(Dataset records)
####

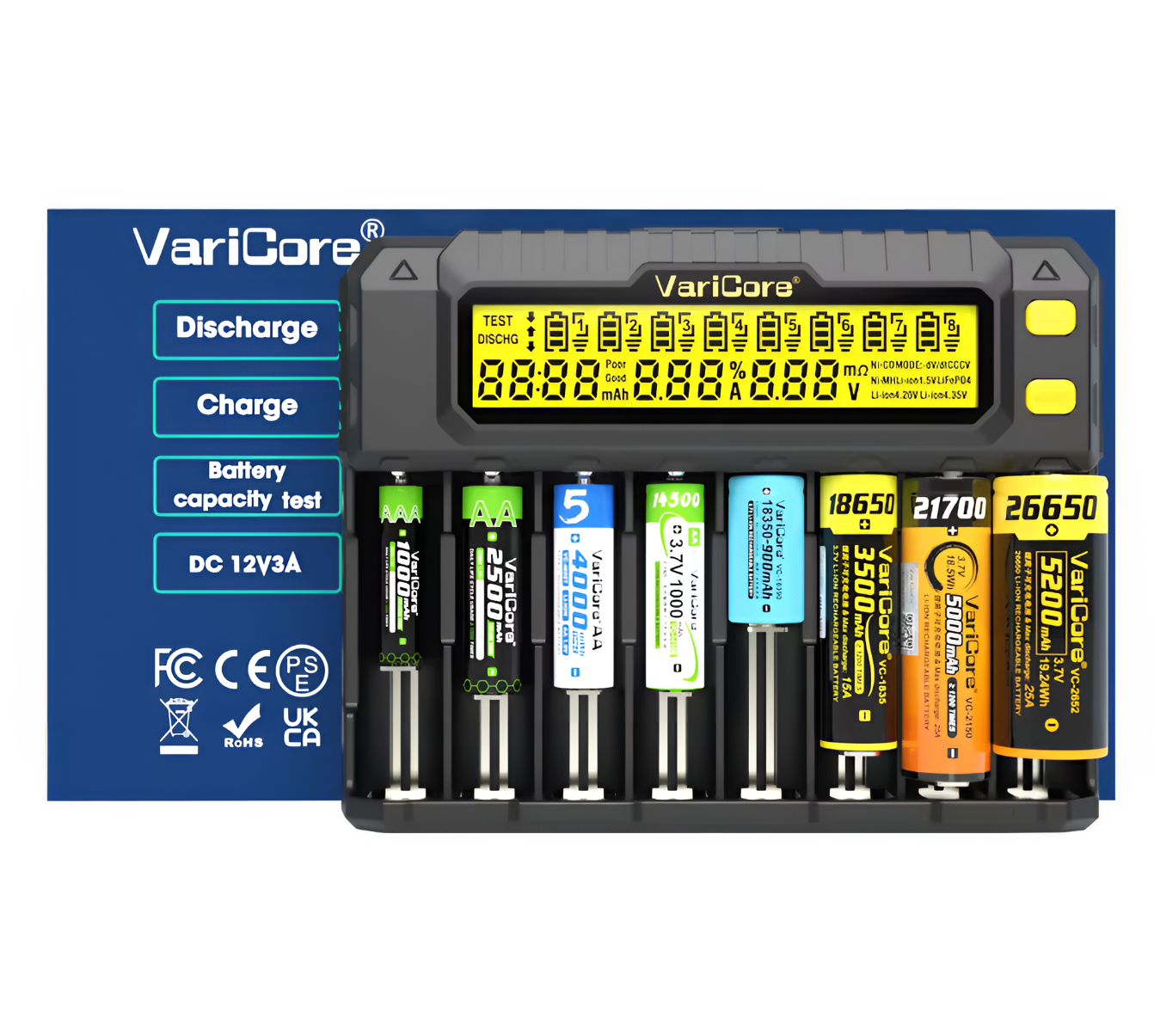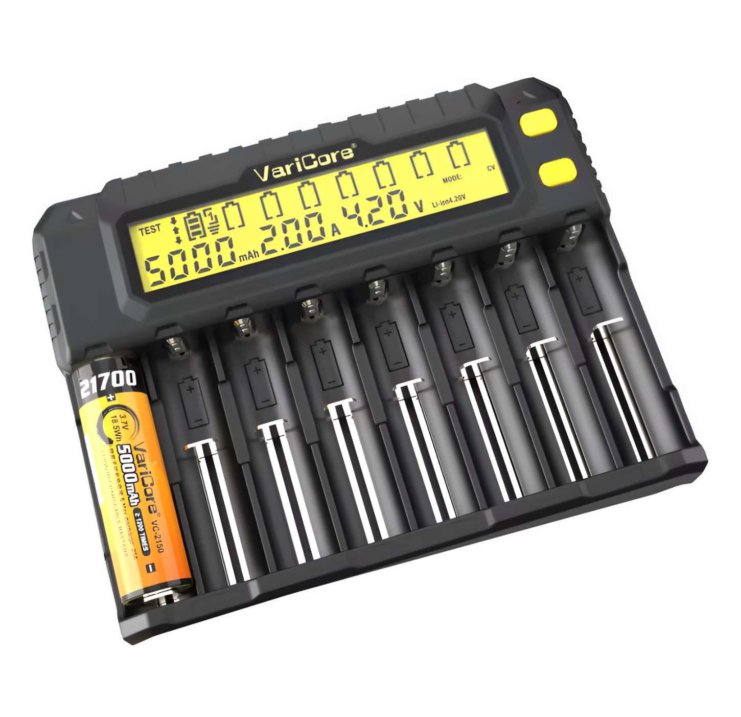 - Model VCP8 umożliwia jednoczesne ładowanie nawet 8 ogniw – idealna do warsztatu, domu, biura i dla każdego, kto korzysta z wielu akumulatorów.
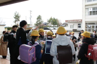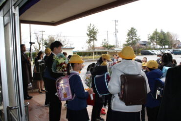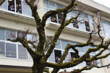 2026.3.13 NEW 1学年 2学年 3学年 4学年 5学年 6学年 前期課程修了証書授与式④ 学活を終えた後、6年間の感謝を込めて、校舎に「ありがとうございました」とお礼を言いました。 前期課程生が、各教室の窓から手を振り、最後まで6年生をお祝いしてくれました。
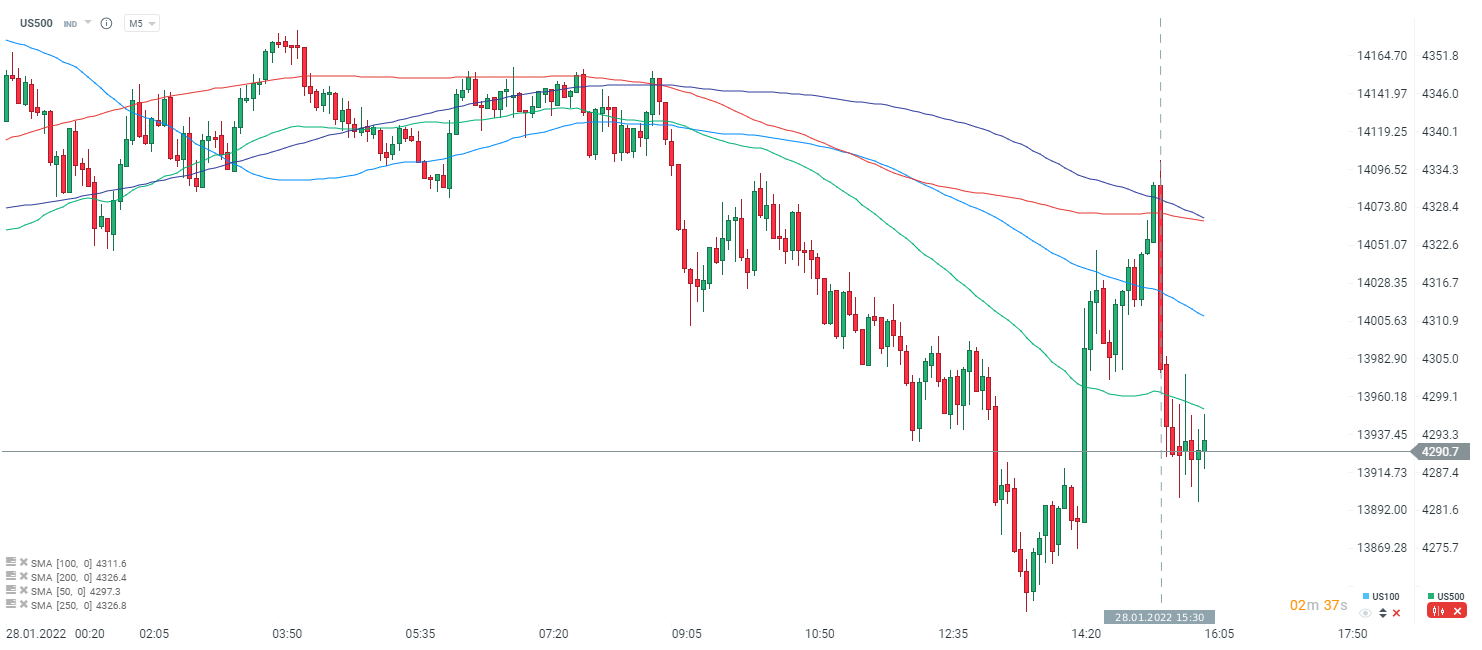 Niższe nastroje konsumentów, w szczególności wywołane wyższymi oczekiwaniami inflacyjnymi to teoretycznie negatywny scenariusz dla akcji. Nie ma jednak dużej zmienności po publikacji. Wcześniej kontrakty na S&P 500 próbowały odbijać w odpowiedzi na mieszane dane dotyczące kosztów pracy - były one niższe niż oczekiwano. Z drugiej jednak strony start sesji na Wall Street jest negatywny dla indeksu. Źródło: xStation5
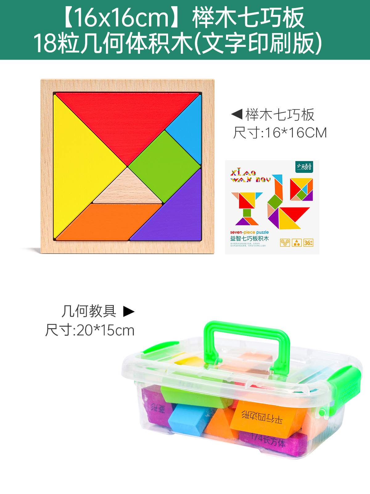 • [16x16cm] 너도밤나무 칠교놀이 + 기하학적 볼륨 나무 18개(텍스트 인쇄 버전)
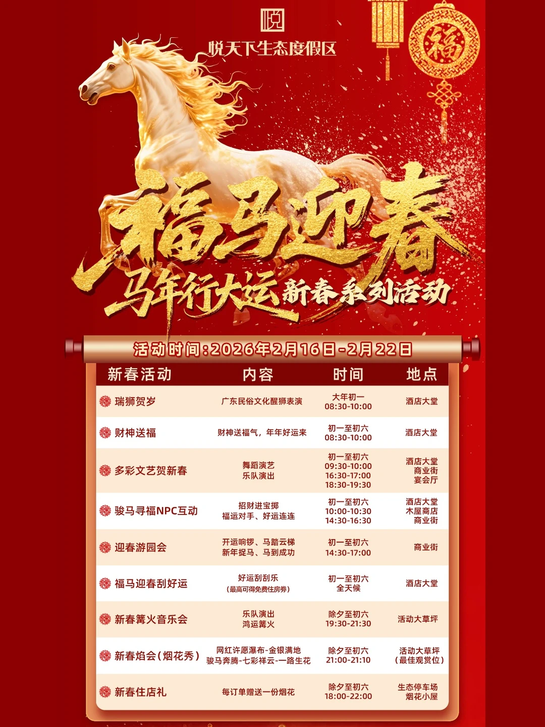 把地道的年味、热闹的活动和放松的假期,都打包进了悦天下度假区里。

####

Word for word, restate the lines from the one containing "Niższe nastroje konsumentów, w" through the end of the entries. Do not include pictures.

(RESULT OF THIS EXERCISE)
 Niższe nastroje konsumentów, w szczególności wywołane wyższymi oczekiwaniami inflacyjnymi to teoretycznie negatywny scenariusz dla akcji. Nie ma jednak dużej zmienności po publikacji. Wcześniej kontrakty na S&P 500 próbowały odbijać w odpowiedzi na mieszane dane dotyczące kosztów pracy - były one niższe niż oczekiwano. Z drugiej jednak strony start sesji na Wall Street jest negatywny dla indeksu. Źródło: xStation5
 • [16x16cm] 너도밤나무 칠교놀이 + 기하학적 볼륨 나무 18개(텍스트 인쇄 버전)
 把地道的年味、热闹的活动和放松的假期,都打包进了悦天下度假区里。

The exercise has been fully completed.